The Patrick County Sheriff’s Office recently earned accreditation through the Virginia Law Enforcement Professional Standards Commission (VLEPSC). Sheriff Dan Smith was presented the certificate of accreditation on October 23rd at the annual VLEPSC conference. Sheriff Smith said that the process to attain accreditation is an extremely difficult one, with much attention paid to policy detail and thoroughness. Smith said his agency has been involved in the process for a number years and that it took a commitment from everyone in the office to earn the accreditation. “Less than 25 percent of all law enforcement agencies are accredited. This puts us in an elite group of law enforcement professionals. This should be considered a milestone achievement for this agency and this county,” the sheriff said. The Patrick County Sheriff’s Office became the 92nd agency out of nearly 400 agencies statewide to become accredited.
The sheriff said that accreditation has many advantages. It increases the law enforcement agency’s ability to prevent and control crime through more effective and efficient delivery of law enforcement services to the community it serves. Accreditation enhances community understanding of the agency and its role in the community as well as its goals and objectives. As a result, citizen confidence and trust in the agency is enhanced. Accreditation commits the agency to a broad range of programs that directly benefit the public. It creates the framework for which police and citizens work together to control and prevent crime. This partnership helps citizens understand the challenges that confront law enforcement. The agency will, in turn, receive clear direction from the community about their expectations.

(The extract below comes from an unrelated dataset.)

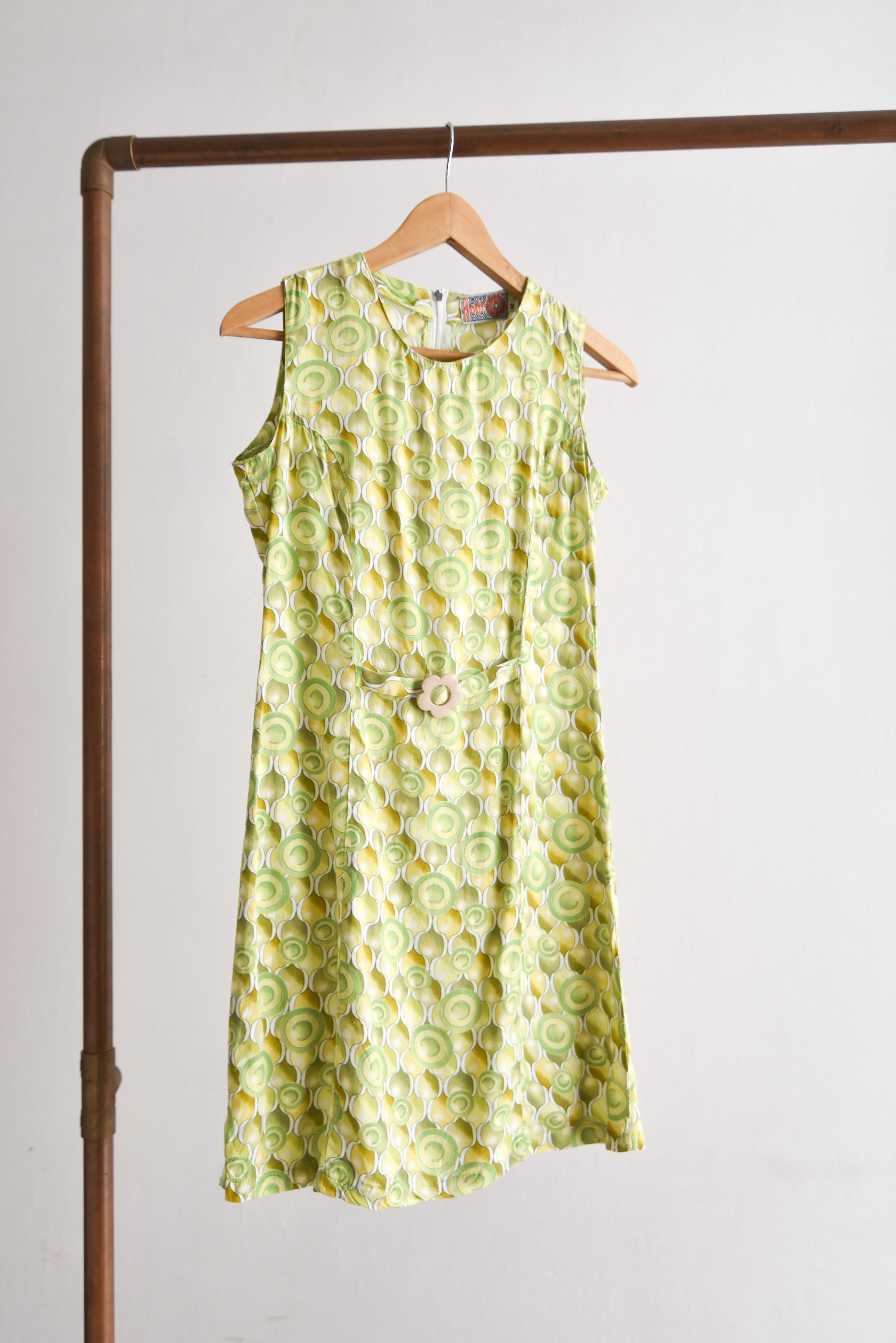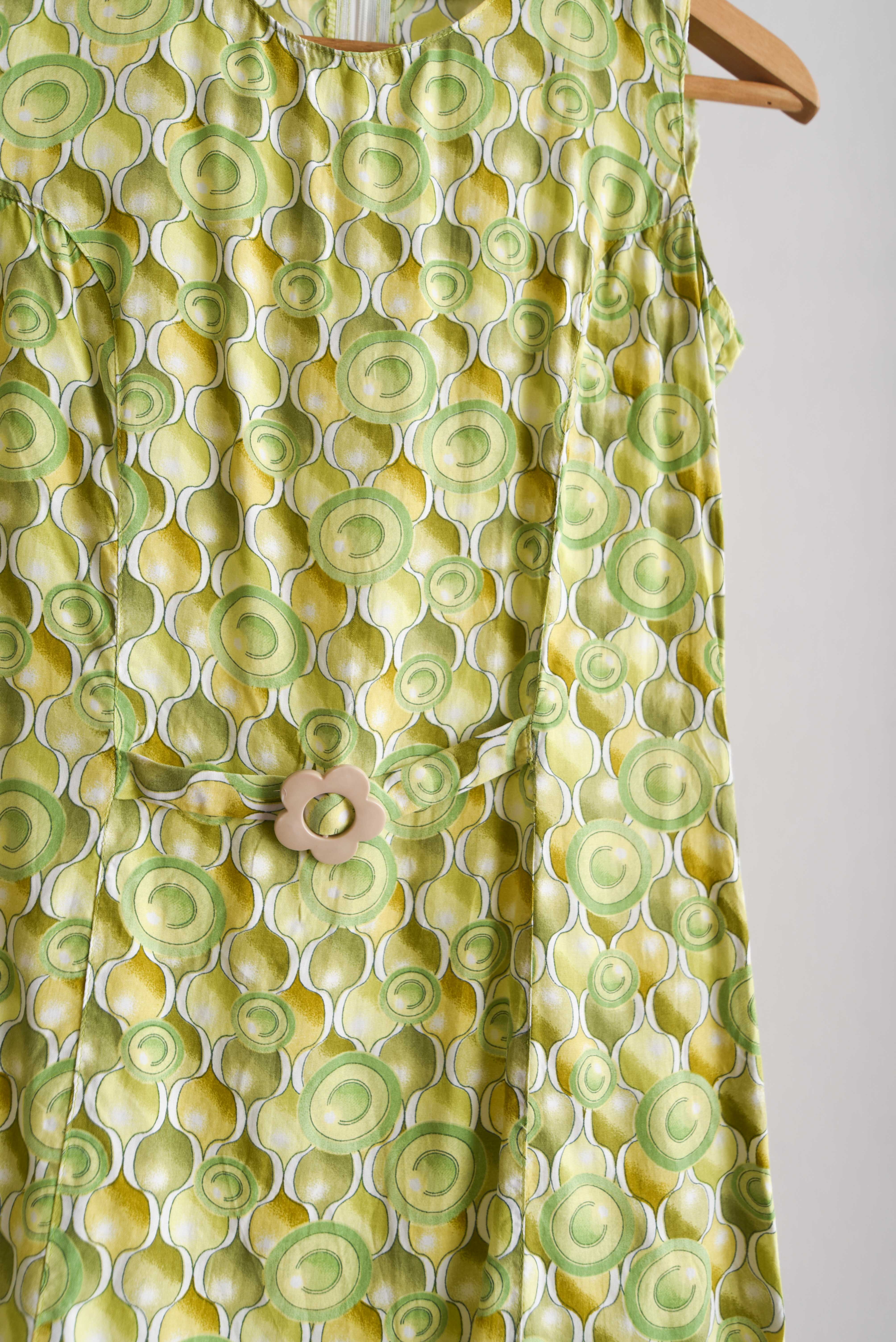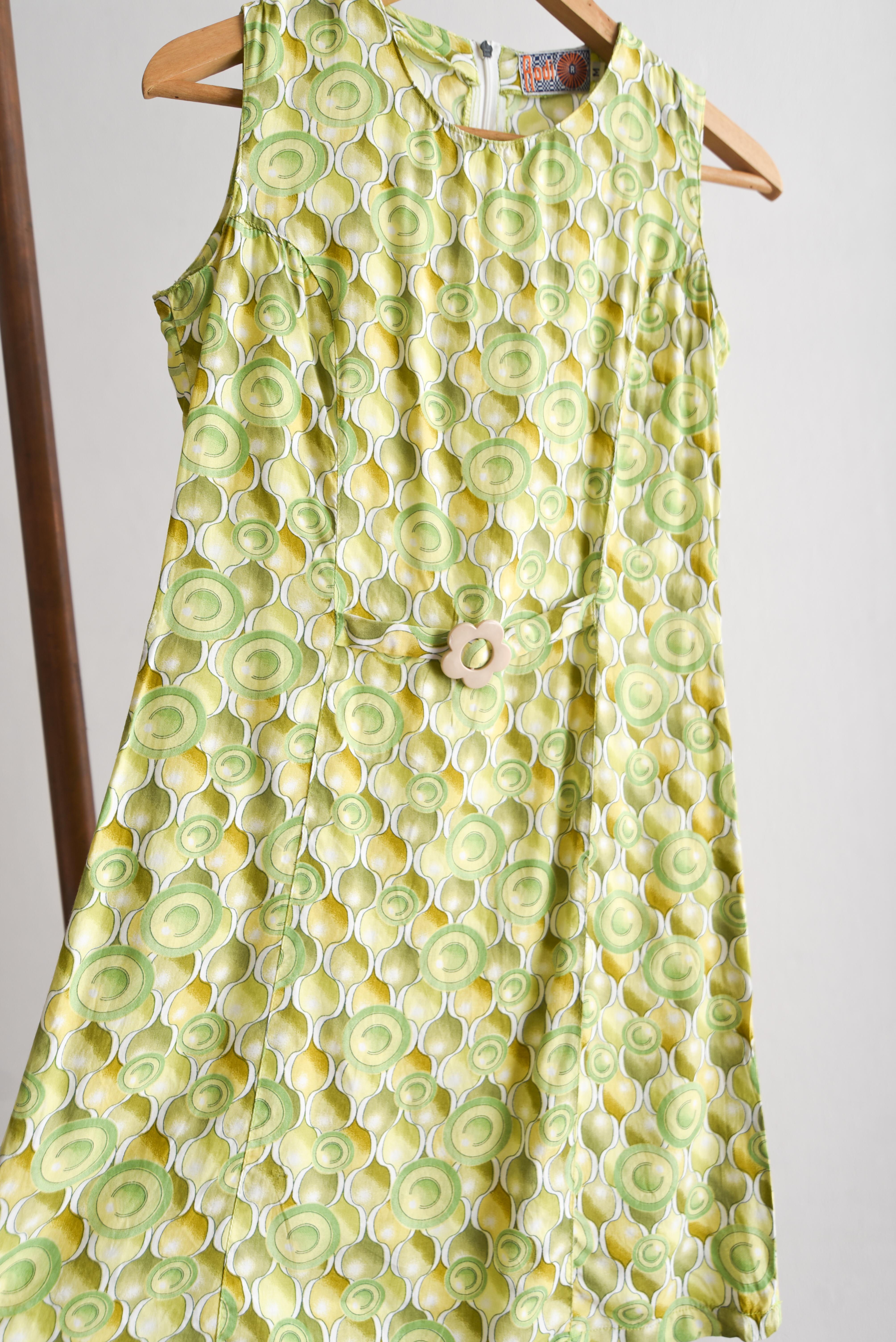 Hermoso vestido vintage en color verde, tiene diseño de círculos y cinturón integrado con flor de resina.

Smith stated that operational, management, personnel and training policies are modeled in such a way to provide an armored shell of liability protection for the county, which is probably the greatest benefit.
Sheriff Smith and Major Garry Brown used the VLEPSC standards as a guide for writing the office’s policies. The sheriff said, “Every agency is unique, so we were able to conform the construction of policies to fit the needs of our agency and our constituency.” Smith said accreditation requires that 728 standards are complied with. A team of VLEPSC assessors toured the sheriff’s office for several days in mid-August and examined records and proofs of standard compliance in which the sheriff’s office ultimately passed with high marks. The sheriff stated, “The citizens we serve deserve the highest possible level of services and professionalism from us, and accreditation is the benchmark for which that is measured.” The cost of the process was minimal and the money used came from asset forfeiture funds resulting from drug arrests.
Administrative Staff Specialist Amy Shelor and Captain Ward Stone are the office’s accreditation managers. 911 Operator Felicia Beasley assisted with the clerical and organizational aspect of the process. Smith said, “I am proud of our employees and what they have been able to accomplish. I have never been more honored to serve this county and to be a part of this agency.”